What the exercise asks
Reproduce, exactly and in full, only the lines below from the one containing "between the two." through the one containing "Bảng kết quả".
Given entries Start Marker
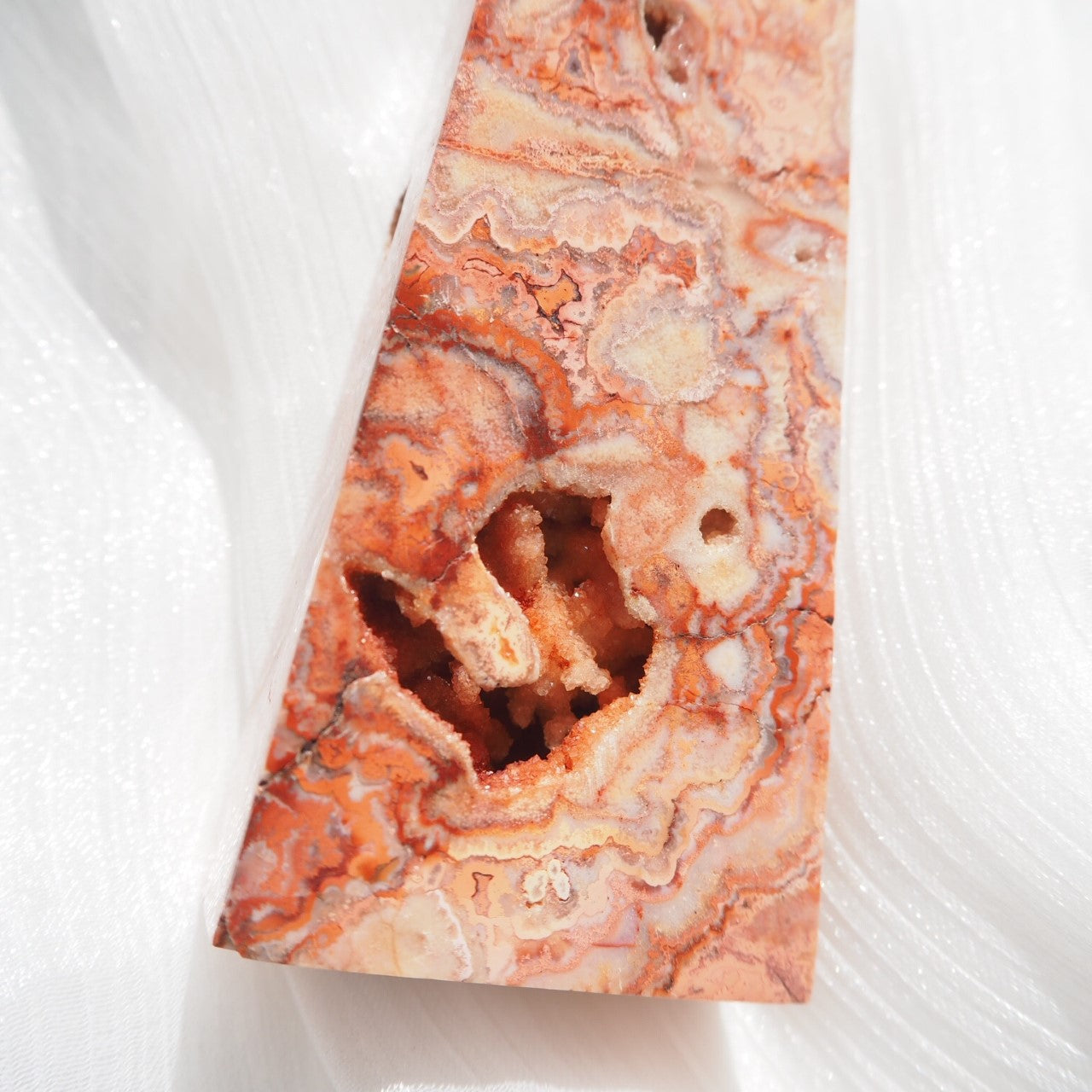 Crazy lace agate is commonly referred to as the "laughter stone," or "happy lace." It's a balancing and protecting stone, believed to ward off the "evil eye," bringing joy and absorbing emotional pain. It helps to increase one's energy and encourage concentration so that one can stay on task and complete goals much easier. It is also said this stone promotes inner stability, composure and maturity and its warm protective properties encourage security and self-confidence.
Given entries End Marker
Given entries Start Marker
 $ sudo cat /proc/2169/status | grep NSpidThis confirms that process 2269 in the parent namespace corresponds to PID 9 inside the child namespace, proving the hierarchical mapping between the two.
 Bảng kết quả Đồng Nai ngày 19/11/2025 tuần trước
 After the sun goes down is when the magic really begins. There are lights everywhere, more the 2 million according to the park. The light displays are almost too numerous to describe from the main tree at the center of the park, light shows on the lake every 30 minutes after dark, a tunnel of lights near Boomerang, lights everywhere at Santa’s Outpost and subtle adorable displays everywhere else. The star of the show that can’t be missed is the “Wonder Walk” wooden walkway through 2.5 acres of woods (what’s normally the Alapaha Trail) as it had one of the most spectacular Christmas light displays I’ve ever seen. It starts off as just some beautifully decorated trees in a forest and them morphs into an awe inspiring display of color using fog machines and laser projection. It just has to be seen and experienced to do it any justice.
Given entries End Marker
Reply
 $ sudo cat /proc/2169/status | grep NSpidThis confirms that process 2269 in the parent namespace corresponds to PID 9 inside the child namespace, proving the hierarchical mapping between the two.
 Bảng kết quả Đồng Nai ngày 19/11/2025 tuần trước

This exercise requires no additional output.